Problem requirements -> No pictures are to be included when the entries below are reproduced exactly.

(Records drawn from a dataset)

================

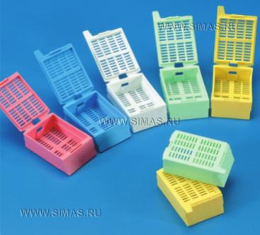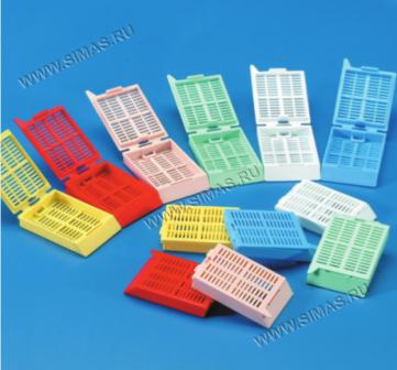 Кассеты для заливки тканей в парафин, универсального типа, с защелкивающейся, легко снимаемой крышкой. Выпускаются следующие цвета: белый, синий, желтый, зеленый, розовый и красный.
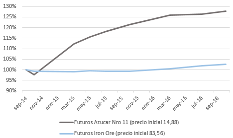 Estimados, una comparativa del precio de futuros de 2 comodities que hoy están por el suelo. Partiendo hoy en base 100 ambos
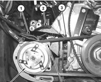 26. Position air conditioner compressor (4). Install belt (3) and install bolts (5). Refer to Operation and Maintenance Manual, "Belts - Inspect/Adjust/Replace".
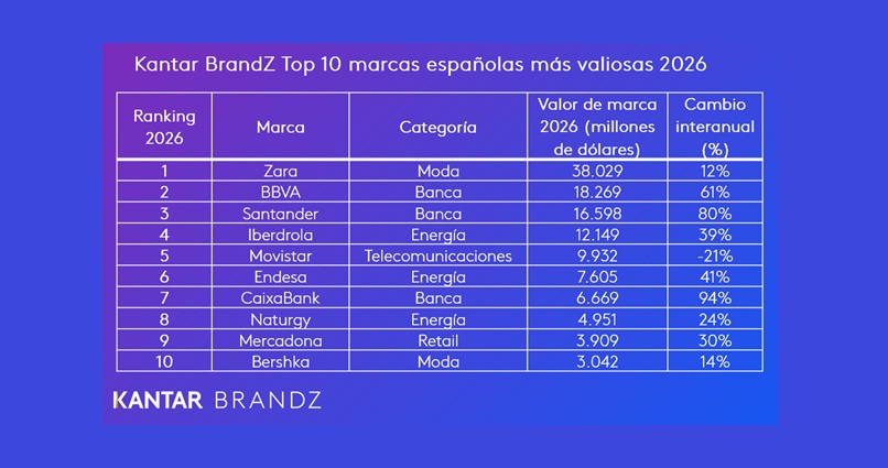 Las marcas de la categoría de banca siguen siendo un pilar fundamental del Top 30 de Kantar BrandZ marcas españolas: en 2026 nueve marcas concentran un tercio del valor total del ranking.
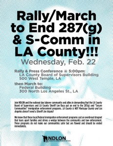 Join NDLON and the national day laborer community and allies in demanding that the LA County Board of Supervisors and LA County Sheriff Lee Baca put an end to the 287(g) and “Secure Communities” immigration enforcement programs. LA County is NOT Maricopa County and Los Angeles doesn’t need a Sheriff Joe Arpaio!
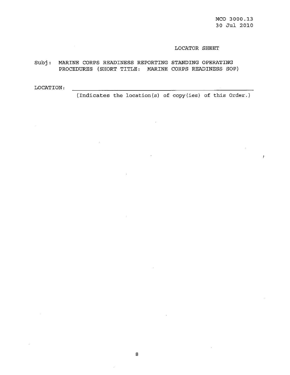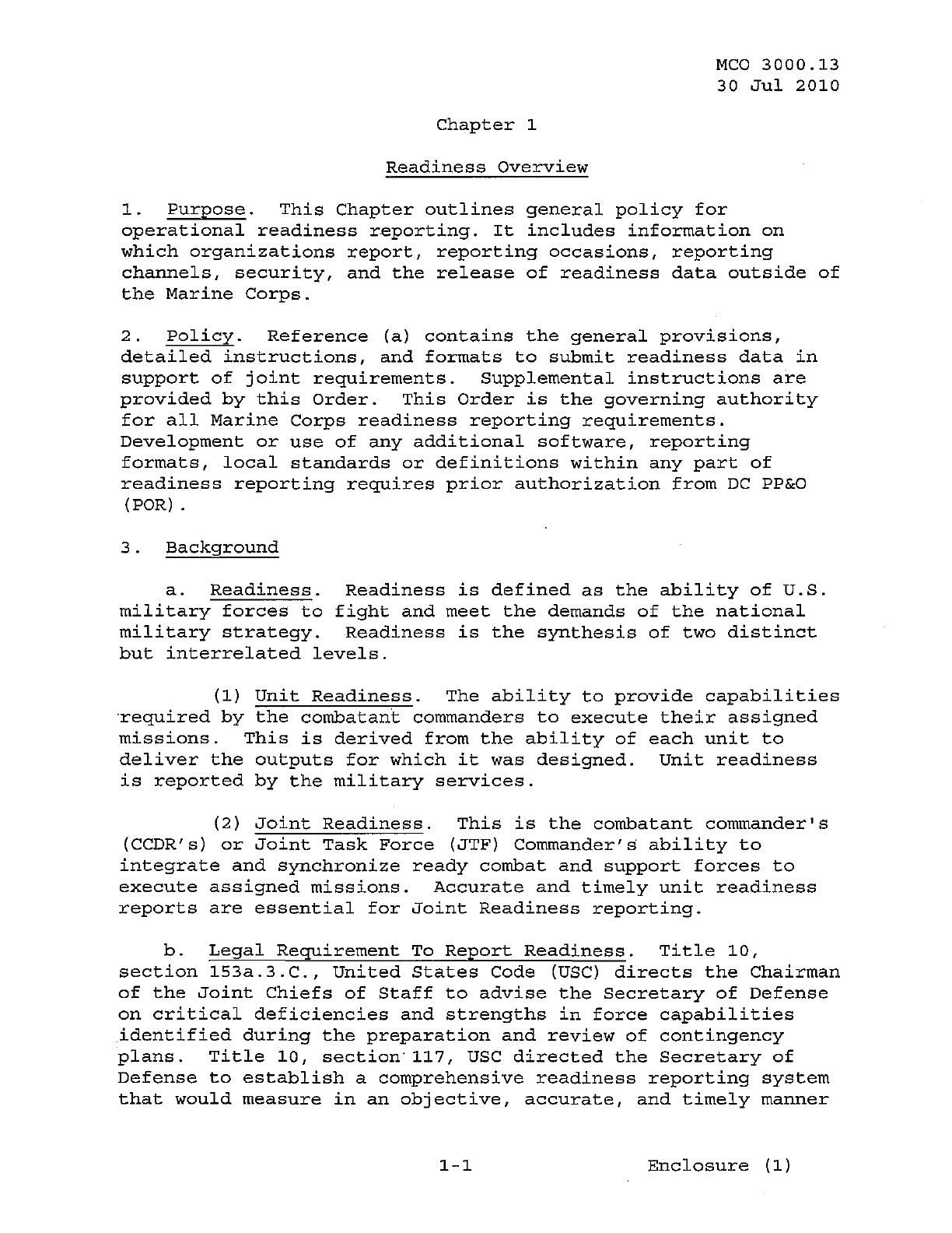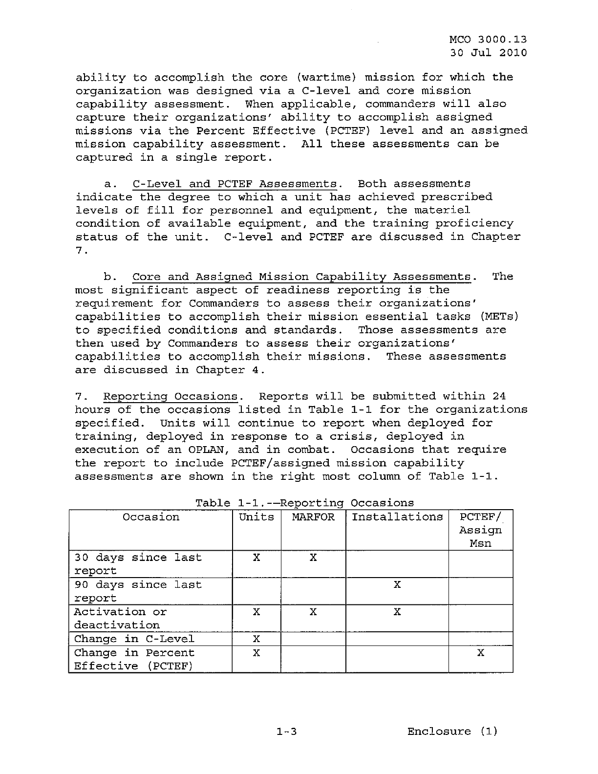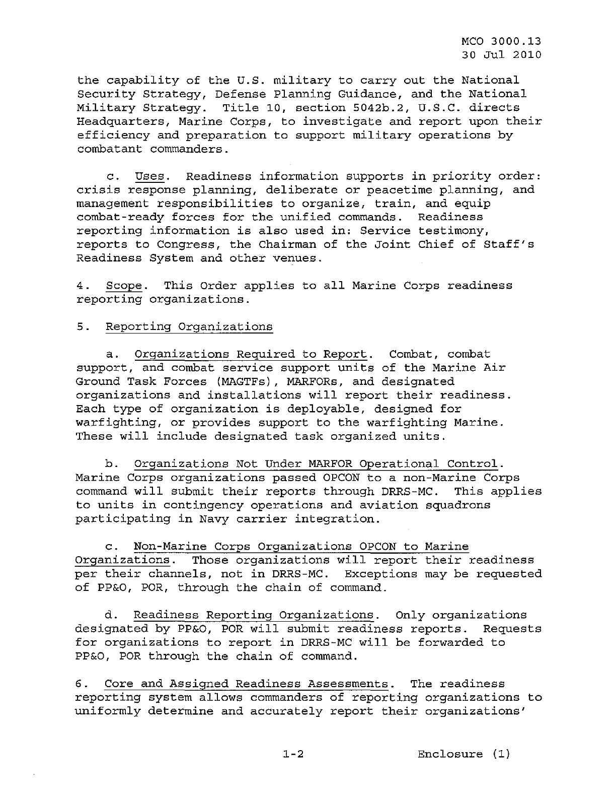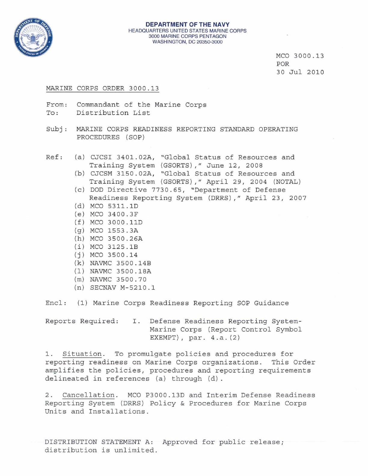 MCO 3000.13 MARINE CORPS READINESS REPORTING STANDARD OPERATING PROCEDURES (SOP) 3000

================

Output below ->
 Кассеты для заливки тканей в парафин, универсального типа, с защелкивающейся, легко снимаемой крышкой. Выпускаются следующие цвета: белый, синий, желтый, зеленый, розовый и красный.
 Estimados, una comparativa del precio de futuros de 2 comodities que hoy están por el suelo. Partiendo hoy en base 100 ambos
 26. Position air conditioner compressor (4). Install belt (3) and install bolts (5). Refer to Operation and Maintenance Manual, "Belts - Inspect/Adjust/Replace".
 Las marcas de la categoría de banca siguen siendo un pilar fundamental del Top 30 de Kantar BrandZ marcas españolas: en 2026 nueve marcas concentran un tercio del valor total del ranking.
 Join NDLON and the national day laborer community and allies in demanding that the LA County Board of Supervisors and LA County Sheriff Lee Baca put an end to the 287(g) and “Secure Communities” immigration enforcement programs. LA County is NOT Maricopa County and Los Angeles doesn’t need a Sheriff Joe Arpaio!
 MCO 3000.13 MARINE CORPS READINESS REPORTING STANDARD OPERATING PROCEDURES (SOP) 3000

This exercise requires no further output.